Records excerpted from a collection:
================================

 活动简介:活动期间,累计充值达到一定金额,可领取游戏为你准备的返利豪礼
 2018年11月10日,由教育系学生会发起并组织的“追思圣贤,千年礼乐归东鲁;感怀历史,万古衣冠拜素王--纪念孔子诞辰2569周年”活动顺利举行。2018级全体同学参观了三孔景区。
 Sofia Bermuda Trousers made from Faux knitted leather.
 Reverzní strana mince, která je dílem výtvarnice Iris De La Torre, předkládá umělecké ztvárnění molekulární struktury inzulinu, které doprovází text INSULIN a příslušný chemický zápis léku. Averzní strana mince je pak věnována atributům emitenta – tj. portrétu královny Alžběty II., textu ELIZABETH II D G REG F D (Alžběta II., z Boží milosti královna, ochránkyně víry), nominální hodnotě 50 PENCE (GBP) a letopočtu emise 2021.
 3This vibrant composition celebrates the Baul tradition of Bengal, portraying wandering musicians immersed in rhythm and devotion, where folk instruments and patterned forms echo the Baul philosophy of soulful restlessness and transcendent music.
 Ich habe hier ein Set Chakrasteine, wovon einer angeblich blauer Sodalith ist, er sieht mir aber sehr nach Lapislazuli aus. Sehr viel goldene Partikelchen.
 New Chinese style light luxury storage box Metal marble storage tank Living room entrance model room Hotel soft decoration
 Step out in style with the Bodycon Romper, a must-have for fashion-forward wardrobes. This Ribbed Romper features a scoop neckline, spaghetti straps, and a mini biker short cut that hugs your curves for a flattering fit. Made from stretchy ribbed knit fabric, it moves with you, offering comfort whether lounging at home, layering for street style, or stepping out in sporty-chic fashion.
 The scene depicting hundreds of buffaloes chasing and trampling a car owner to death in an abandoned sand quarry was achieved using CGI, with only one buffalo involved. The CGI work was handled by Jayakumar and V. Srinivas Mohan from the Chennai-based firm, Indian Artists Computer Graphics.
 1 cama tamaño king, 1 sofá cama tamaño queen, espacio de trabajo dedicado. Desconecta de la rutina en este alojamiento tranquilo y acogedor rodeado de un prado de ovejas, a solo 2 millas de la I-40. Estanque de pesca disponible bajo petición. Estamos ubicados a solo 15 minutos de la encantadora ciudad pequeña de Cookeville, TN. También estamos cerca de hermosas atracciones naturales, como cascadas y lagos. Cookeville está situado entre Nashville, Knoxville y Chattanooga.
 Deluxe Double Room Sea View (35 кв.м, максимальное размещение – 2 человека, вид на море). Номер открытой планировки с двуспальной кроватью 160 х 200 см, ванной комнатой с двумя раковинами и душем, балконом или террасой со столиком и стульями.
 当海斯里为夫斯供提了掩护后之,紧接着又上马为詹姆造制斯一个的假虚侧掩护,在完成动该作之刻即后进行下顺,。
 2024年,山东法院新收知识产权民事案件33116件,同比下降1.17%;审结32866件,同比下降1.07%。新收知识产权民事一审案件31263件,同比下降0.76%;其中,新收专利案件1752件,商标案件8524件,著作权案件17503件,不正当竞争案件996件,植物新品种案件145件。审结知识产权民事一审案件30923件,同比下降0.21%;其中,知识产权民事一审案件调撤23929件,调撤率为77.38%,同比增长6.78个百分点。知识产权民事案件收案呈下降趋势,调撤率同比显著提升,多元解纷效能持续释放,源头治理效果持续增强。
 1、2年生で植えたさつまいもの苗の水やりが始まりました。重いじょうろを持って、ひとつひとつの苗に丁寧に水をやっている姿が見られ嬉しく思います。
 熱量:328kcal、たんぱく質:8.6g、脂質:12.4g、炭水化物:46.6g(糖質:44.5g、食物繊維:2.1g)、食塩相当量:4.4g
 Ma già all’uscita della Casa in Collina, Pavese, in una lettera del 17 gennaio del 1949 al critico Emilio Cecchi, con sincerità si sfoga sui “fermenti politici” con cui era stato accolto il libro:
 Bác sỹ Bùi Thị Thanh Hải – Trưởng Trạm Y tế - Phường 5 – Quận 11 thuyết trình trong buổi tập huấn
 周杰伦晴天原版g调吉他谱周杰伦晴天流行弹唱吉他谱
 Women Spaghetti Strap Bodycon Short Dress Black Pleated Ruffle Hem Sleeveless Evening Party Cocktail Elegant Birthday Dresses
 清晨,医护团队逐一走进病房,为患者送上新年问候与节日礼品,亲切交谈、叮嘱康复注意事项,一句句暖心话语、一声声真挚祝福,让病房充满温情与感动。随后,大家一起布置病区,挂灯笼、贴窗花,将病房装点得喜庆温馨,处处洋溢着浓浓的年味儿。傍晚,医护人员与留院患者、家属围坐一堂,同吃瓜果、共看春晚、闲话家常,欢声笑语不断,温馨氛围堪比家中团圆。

================================

What this task involves:
Search the records for the word "style" and copy out every line that holds it.

Response box:
 New Chinese style light luxury storage box Metal marble storage tank Living room entrance model room Hotel soft decoration
 Step out in style with the Bodycon Romper, a must-have for fashion-forward wardrobes. This Ribbed Romper features a scoop neckline, spaghetti straps, and a mini biker short cut that hugs your curves for a flattering fit. Made from stretchy ribbed knit fabric, it moves with you, offering comfort whether lounging at home, layering for street style, or stepping out in sporty-chic fashion.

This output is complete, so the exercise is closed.